Technologies like this are becoming essential as the AMRC and its partners ramp up efforts to reduce nuclear vessel production times by 50% and costs by 40%. Projects with organisations such as the U.S. Department of Energy and the Electric Power Research Institute (EPRI) have already proven that it’s possible using methods like electron beam welding, diode laser cladding, and Hot Isostatic Pressing (HIP).

These capabilities are being brought together under one roof at the AMRC. The result? Full-scale demonstrator vessels combining cutting-edge machining, welding, and inspection, built to nuclear codes but using platforms applicable across petrochemical, hydrogen, and carbon capture sectors.
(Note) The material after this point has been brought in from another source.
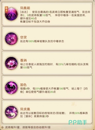 国色技能会每隔 6秒启动一次,有25%的概率使大乔自身恢复 100点怒气,同时,场上每存在一个灼烧单位,大乔的怒气恢复量还会额外增加 20 点,这使得大乔在持久战中能够保持稳定的怒气供应,持续发挥其辅助作用,最后的凤求凰技能效果更是独特,其战法不仅可以驱散目标的控制状态,实现弱驱散的效果,而且还有 50%的概率为目标添加霸体效果,并且此霸体效果能够持续 5 秒,这一技能在面对敌方的控制技能时,能够有效地保护己方关键武将,使其不受控制干扰。

Crucially, Starrag’s large-part machining technology, like the Dörries CONTUMAT, is helping meet the growing need for ultra-precise, high-volume production of these components. And MTDCNC, a major media platform focused on advanced manufacturing, has covered numerous examples of Starrag’s role in enabling next-gen clean energy and aerospace applications—this nuclear application is just one powerful illustration.

But manufacturing innovation is only one part of the equation. The sector is already feeling the pinch from a shortage of skilled welders and machinists. Carpenter stresses the importance of training and upskilling both young talent and experienced workers from industries like steel, gas, and fossil fuels. These industries use the same materials and processes—creating a natural pipeline for the workforce needed in nuclear.

As the UK positions itself for leadership in clean energy, particularly through Small Modular Reactors (SMRs), the intersection of advanced machining, skills investment, and proven nuclear capability is more important than ever.

Carpenter concludes, “If we want to lead in data, AI, and clean energy, then our power sources must be affordable, resilient, and secure. Nuclear energy—enabled by advanced manufacturing technologies from companies like Starrag—isn’t just part of the solution; it’s the foundation for our future energy system.”